**Stored items:**
********************
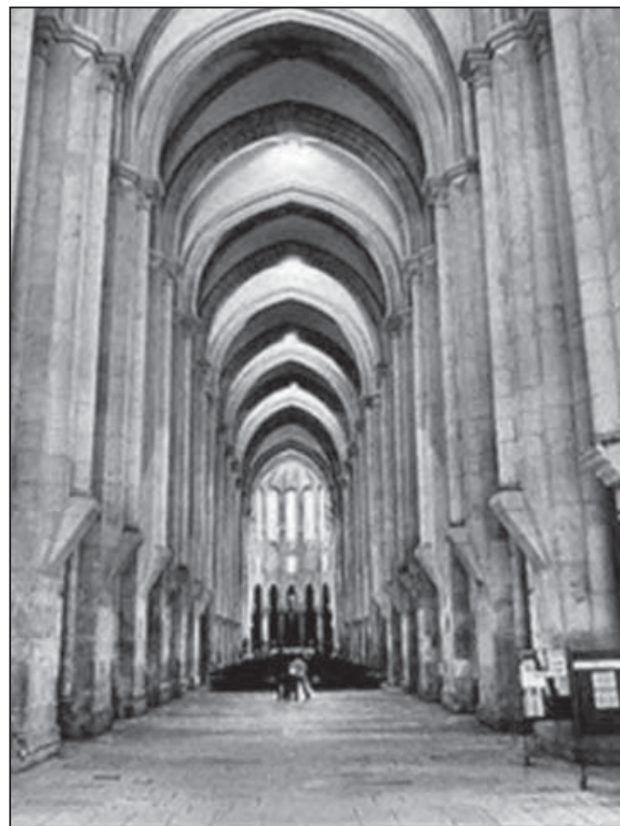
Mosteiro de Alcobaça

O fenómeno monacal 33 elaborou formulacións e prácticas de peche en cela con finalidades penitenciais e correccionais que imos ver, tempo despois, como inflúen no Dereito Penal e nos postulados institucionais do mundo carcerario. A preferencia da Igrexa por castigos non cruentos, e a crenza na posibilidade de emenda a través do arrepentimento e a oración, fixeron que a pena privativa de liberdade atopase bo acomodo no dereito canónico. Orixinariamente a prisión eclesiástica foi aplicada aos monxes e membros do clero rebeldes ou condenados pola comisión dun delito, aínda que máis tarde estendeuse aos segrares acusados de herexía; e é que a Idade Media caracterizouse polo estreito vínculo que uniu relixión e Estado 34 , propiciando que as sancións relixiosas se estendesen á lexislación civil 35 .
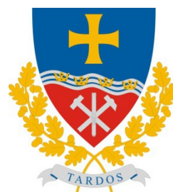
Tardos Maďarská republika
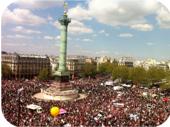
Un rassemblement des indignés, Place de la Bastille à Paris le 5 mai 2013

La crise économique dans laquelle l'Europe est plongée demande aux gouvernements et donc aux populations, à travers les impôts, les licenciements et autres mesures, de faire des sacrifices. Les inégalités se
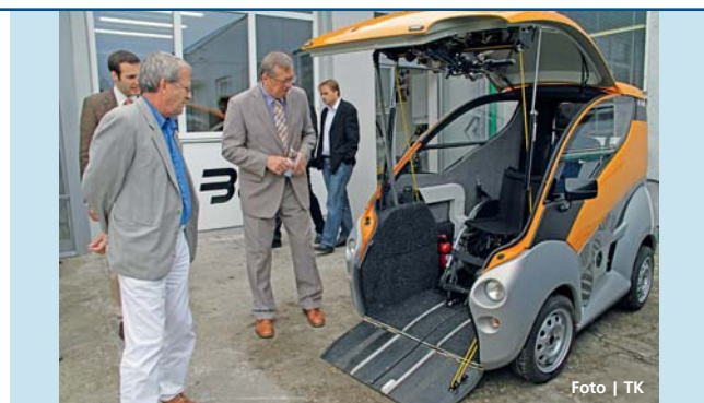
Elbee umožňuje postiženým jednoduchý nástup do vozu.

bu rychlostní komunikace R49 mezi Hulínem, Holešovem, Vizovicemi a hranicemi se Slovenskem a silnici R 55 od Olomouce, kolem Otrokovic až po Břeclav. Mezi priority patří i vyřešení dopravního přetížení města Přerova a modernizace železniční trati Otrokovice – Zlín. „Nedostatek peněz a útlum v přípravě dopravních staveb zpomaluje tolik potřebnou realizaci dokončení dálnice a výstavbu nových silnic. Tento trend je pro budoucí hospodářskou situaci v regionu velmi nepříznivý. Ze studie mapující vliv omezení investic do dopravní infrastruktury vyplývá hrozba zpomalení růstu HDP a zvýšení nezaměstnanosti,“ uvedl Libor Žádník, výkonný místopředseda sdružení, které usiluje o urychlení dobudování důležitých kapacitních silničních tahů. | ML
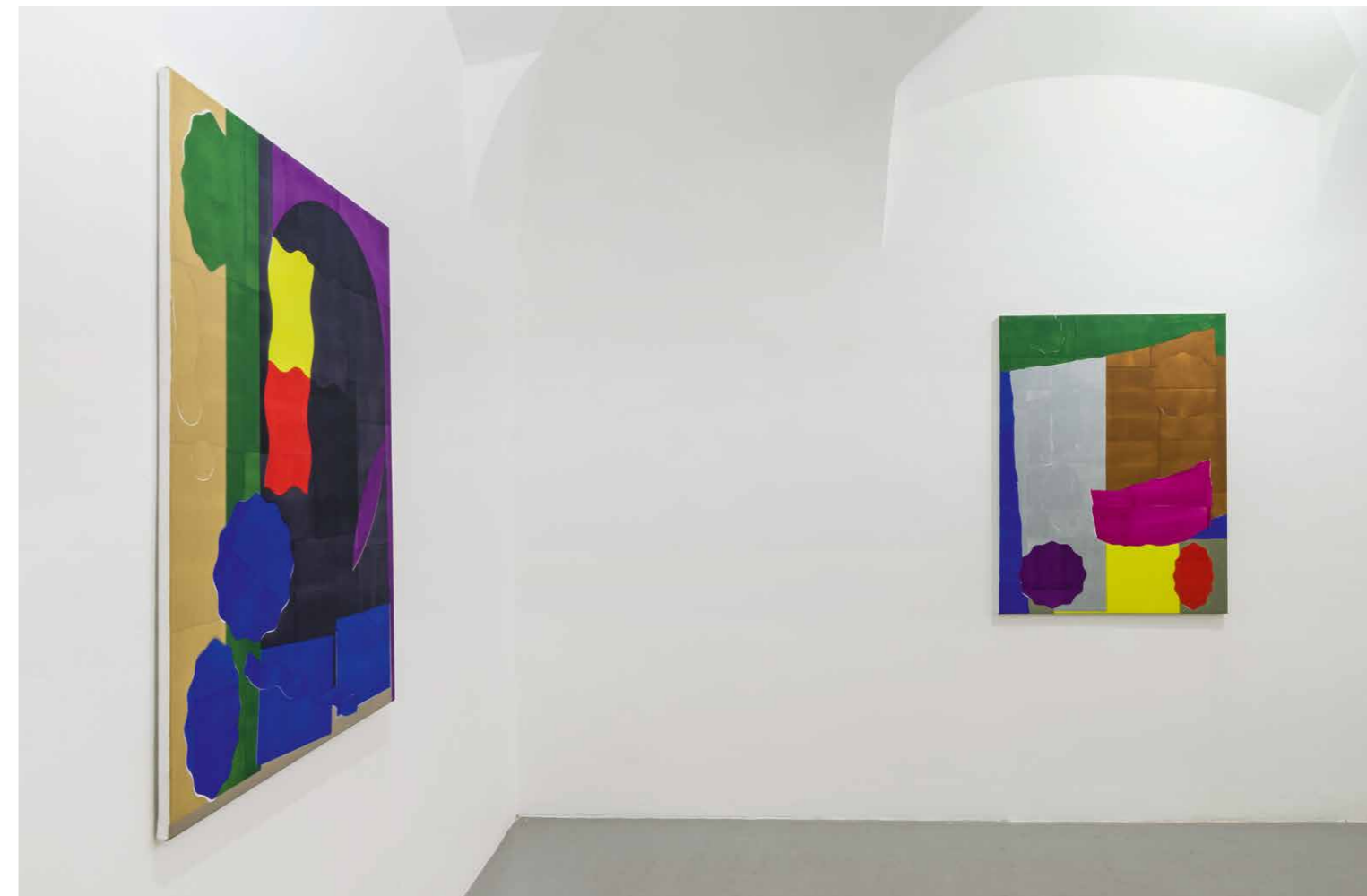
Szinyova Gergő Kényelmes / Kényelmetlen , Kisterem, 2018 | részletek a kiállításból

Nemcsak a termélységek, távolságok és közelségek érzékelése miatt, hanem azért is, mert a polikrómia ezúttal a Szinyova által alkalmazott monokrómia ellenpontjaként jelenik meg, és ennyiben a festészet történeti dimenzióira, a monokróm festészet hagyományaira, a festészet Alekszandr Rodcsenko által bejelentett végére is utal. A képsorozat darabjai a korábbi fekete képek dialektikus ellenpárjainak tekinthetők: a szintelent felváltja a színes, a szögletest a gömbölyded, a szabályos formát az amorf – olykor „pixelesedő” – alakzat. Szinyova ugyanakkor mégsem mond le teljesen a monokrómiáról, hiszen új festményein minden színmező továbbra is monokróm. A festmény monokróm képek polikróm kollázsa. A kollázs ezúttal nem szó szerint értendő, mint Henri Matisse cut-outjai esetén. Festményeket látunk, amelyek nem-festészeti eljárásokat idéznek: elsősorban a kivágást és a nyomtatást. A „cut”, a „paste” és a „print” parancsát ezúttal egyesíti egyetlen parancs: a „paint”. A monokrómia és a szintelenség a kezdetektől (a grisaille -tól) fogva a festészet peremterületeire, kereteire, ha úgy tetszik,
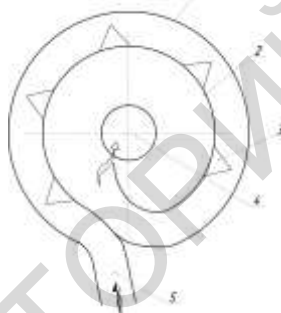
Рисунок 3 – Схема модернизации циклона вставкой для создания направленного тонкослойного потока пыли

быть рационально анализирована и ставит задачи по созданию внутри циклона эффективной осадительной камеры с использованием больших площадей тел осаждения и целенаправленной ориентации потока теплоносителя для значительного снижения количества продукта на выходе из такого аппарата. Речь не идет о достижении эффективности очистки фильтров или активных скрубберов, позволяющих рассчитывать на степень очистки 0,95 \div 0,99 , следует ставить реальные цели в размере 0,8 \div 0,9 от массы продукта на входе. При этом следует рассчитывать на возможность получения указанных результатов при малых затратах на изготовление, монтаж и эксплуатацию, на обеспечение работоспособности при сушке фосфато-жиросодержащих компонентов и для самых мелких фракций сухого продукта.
********************
**Brief:** An exact copy of the lines above from the one with "Tardos Maďarská republika" up to and including the one with "Nemcsak a termélységek, távolságok" is required; reproduce only those lines, omitting all pictures.

**Exercise result:**
Tardos Maďarská republika
Un rassemblement des indignés, Place de la Bastille à Paris le 5 mai 2013

La crise économique dans laquelle l'Europe est plongée demande aux gouvernements et donc aux populations, à travers les impôts, les licenciements et autres mesures, de faire des sacrifices. Les inégalités se
Elbee umožňuje postiženým jednoduchý nástup do vozu.

bu rychlostní komunikace R49 mezi Hulínem, Holešovem, Vizovicemi a hranicemi se Slovenskem a silnici R 55 od Olomouce, kolem Otrokovic až po Břeclav. Mezi priority patří i vyřešení dopravního přetížení města Přerova a modernizace železniční trati Otrokovice – Zlín. „Nedostatek peněz a útlum v přípravě dopravních staveb zpomaluje tolik potřebnou realizaci dokončení dálnice a výstavbu nových silnic. Tento trend je pro budoucí hospodářskou situaci v regionu velmi nepříznivý. Ze studie mapující vliv omezení investic do dopravní infrastruktury vyplývá hrozba zpomalení růstu HDP a zvýšení nezaměstnanosti,“ uvedl Libor Žádník, výkonný místopředseda sdružení, které usiluje o urychlení dobudování důležitých kapacitních silničních tahů. | ML
Szinyova Gergő Kényelmes / Kényelmetlen , Kisterem, 2018 | részletek a kiállításból

Nemcsak a termélységek, távolságok és közelségek érzékelése miatt, hanem azért is, mert a polikrómia ezúttal a Szinyova által alkalmazott monokrómia ellenpontjaként jelenik meg, és ennyiben a festészet történeti dimenzióira, a monokróm festészet hagyományaira, a festészet Alekszandr Rodcsenko által bejelentett végére is utal. A képsorozat darabjai a korábbi fekete képek dialektikus ellenpárjainak tekinthetők: a szintelent felváltja a színes, a szögletest a gömbölyded, a szabályos formát az amorf – olykor „pixelesedő” – alakzat. Szinyova ugyanakkor mégsem mond le teljesen a monokrómiáról, hiszen új festményein minden színmező továbbra is monokróm. A festmény monokróm képek polikróm kollázsa. A kollázs ezúttal nem szó szerint értendő, mint Henri Matisse cut-outjai esetén. Festményeket látunk, amelyek nem-festészeti eljárásokat idéznek: elsősorban a kivágást és a nyomtatást. A „cut”, a „paste” és a „print” parancsát ezúttal egyesíti egyetlen parancs: a „paint”. A monokrómia és a szintelenség a kezdetektől (a grisaille -tól) fogva a festészet peremterületeire, kereteire, ha úgy tetszik,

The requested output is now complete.